4

I have a text file containing a sequence. For example:

GGGGGGGGAACCCCCCCCCCTTGGGGGGGGGGGGGGGGAACCCCCCCCCCTTGGGGGGGG

I have wrote the following DCG to find the sequence between AA and TT.

:- use_module(library(pio)).
:- use_module(library(dcg/basics)).
:- portray_text(true).

process(Xs) :- phrase_from_file(find(Xs), 'string.txt').

anyseq([]) -->[].
anyseq([E|Es]) --> [E], anyseq(Es).

begin --> "AA".
end -->"TT".

find(Seq) -->
     anyseq(_),begin,anyseq(Seq),end, anyseq(_).

I query and I get:

?- process(Xs).
 Xs = "CCCCCCCCCC" ;
 Xs = "CCCCCCCCCCTTGGGGGGGGGGGGG...CCCCC" ;
 Xs = "CCCCCCCCCC" ;
false.

But I dont want it to find the second solution or ones like it. Only the solutions between one pair of AA and TTs not all combinations. I have a feeling I could use string_without and string in library dcg basiscs but I dont understand how to use them.

user27815
  • 4,767
  • 14
  • 28
  • Also any advice on naming these, I have find.. but it is not very declarative. – user27815 Jul 06 '15 at 13:42
  • What do you expect for the string `"AAAACCCTT"`? Is it `"AACCC"` or `"CCC"`? – false Jul 06 '15 at 15:20
  • hmm .. good point.. not sure at the moment. The answer below finds three solutions.. that will do for the moment. Thanks for pointing this out. – user27815 Jul 06 '15 at 15:34

2 Answers2

3

your anyseq//1 is identical to string//1 from library(dcg/basics), and shares the same 'problem'.

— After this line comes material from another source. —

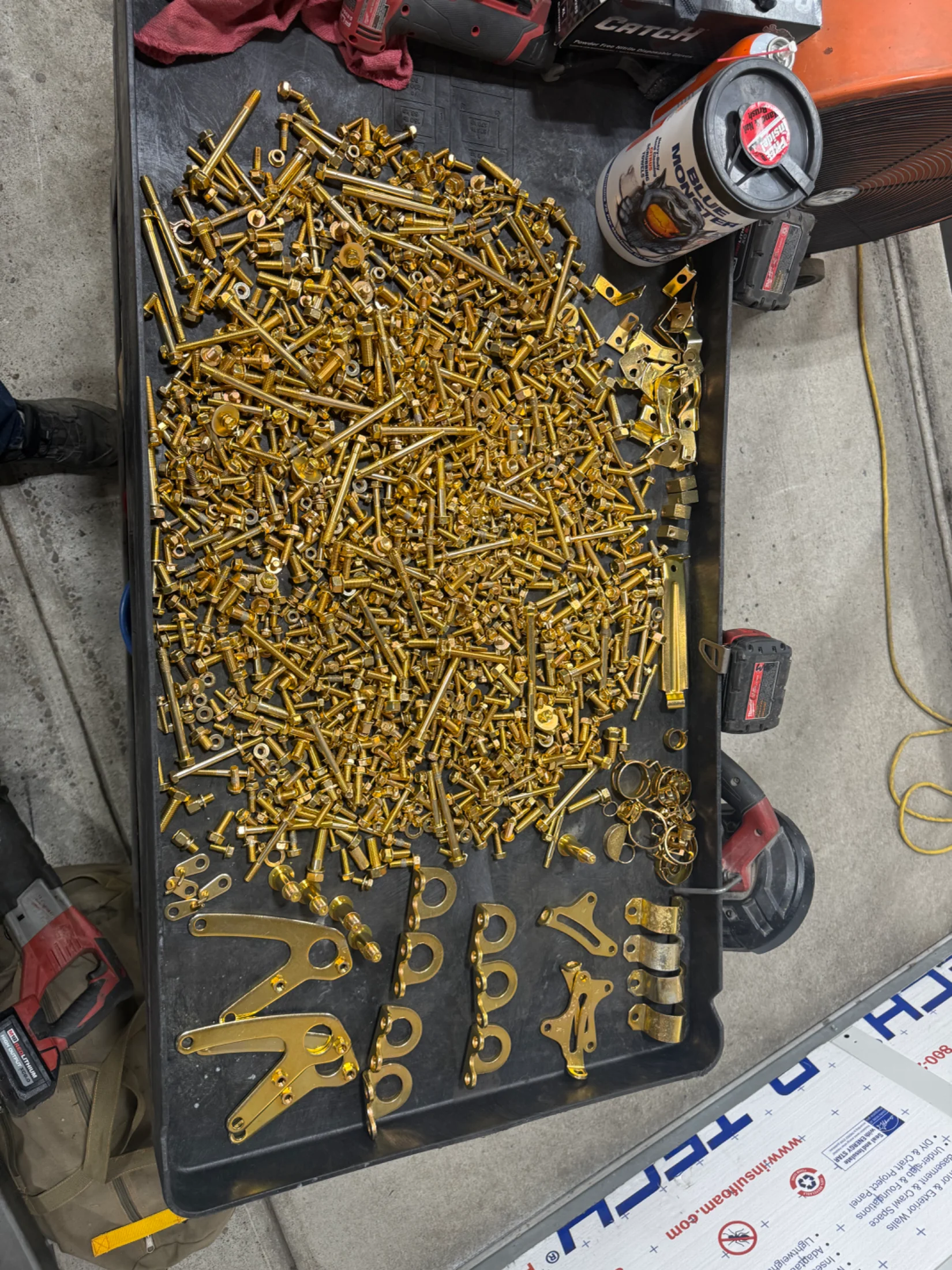 Fresh batch of hardware back from the zinc platers! Enough to build a couple engines.

To keep in control, I would introduce a 'between separators' state:

elem(E) --> begin, string(E), end, !.

begin --> "AA".
end -->"TT".

find(Seq) -->
     anyseq(_),elem(Seq).

anyseq([]) -->[].
anyseq([E|Es]) --> [E], anyseq(Es).

process(Xs) :-
   phrase(find(Xs), `GGGGGGGGAACCCCCCCCCCTTGGGGGGGGGGGGGGGGAACCCCC+++CCCCCTTGGGGGGGG`,_).

now I get

?- process(X).
X = "CCCCCCCCCC" ;
X = "CCCCC+++CCCCC" ;
false.

note the anonymous var as last argument of phrase/3: it's needed to suit the change in 'control flow' induced by the more strict pattern used: elem//1 is not followed by anyseq//1, because any two sequences 'sharing' anyseq//1 would be problematic.

In the end, you should change your grammar to collect elem//1 with a right recursive grammar....

false
  • 10,264
  • 13
  • 101
  • 209
CapelliC
  • 59,646
  • 5
  • 47
  • 90
  • Thanks.. ill have a look at right recursive grammars.. I changed this to `process(Xs):- phrase_from_file(string(Whole_File),'string.txt'), phrase(find(Xs),Whole_File,_).` To get the file input.. is that a good way to do that? – user27815 Jul 06 '15 at 15:20
  • 1
    No, it defeats completely the purpose of phrase_from_file. While debugging, you can use [read_file_to_codes](http://www.swi-prolog.org/pldoc/doc_for?object=read_file_to_codes/3) and phrase/3, to see the 'remaining' that the grammar cannot digest. Then switch to phrase_from_file/2 when done – CapelliC Jul 06 '15 at 15:34
2

First, let me suggest that you most probably misrepresent the problem, at least if this is about mRNA-sequences. There, bases occur in triplets, or codons and the start is methionine or formlymethionine, but the end are three different triplets. So most probably you want to use such a representation.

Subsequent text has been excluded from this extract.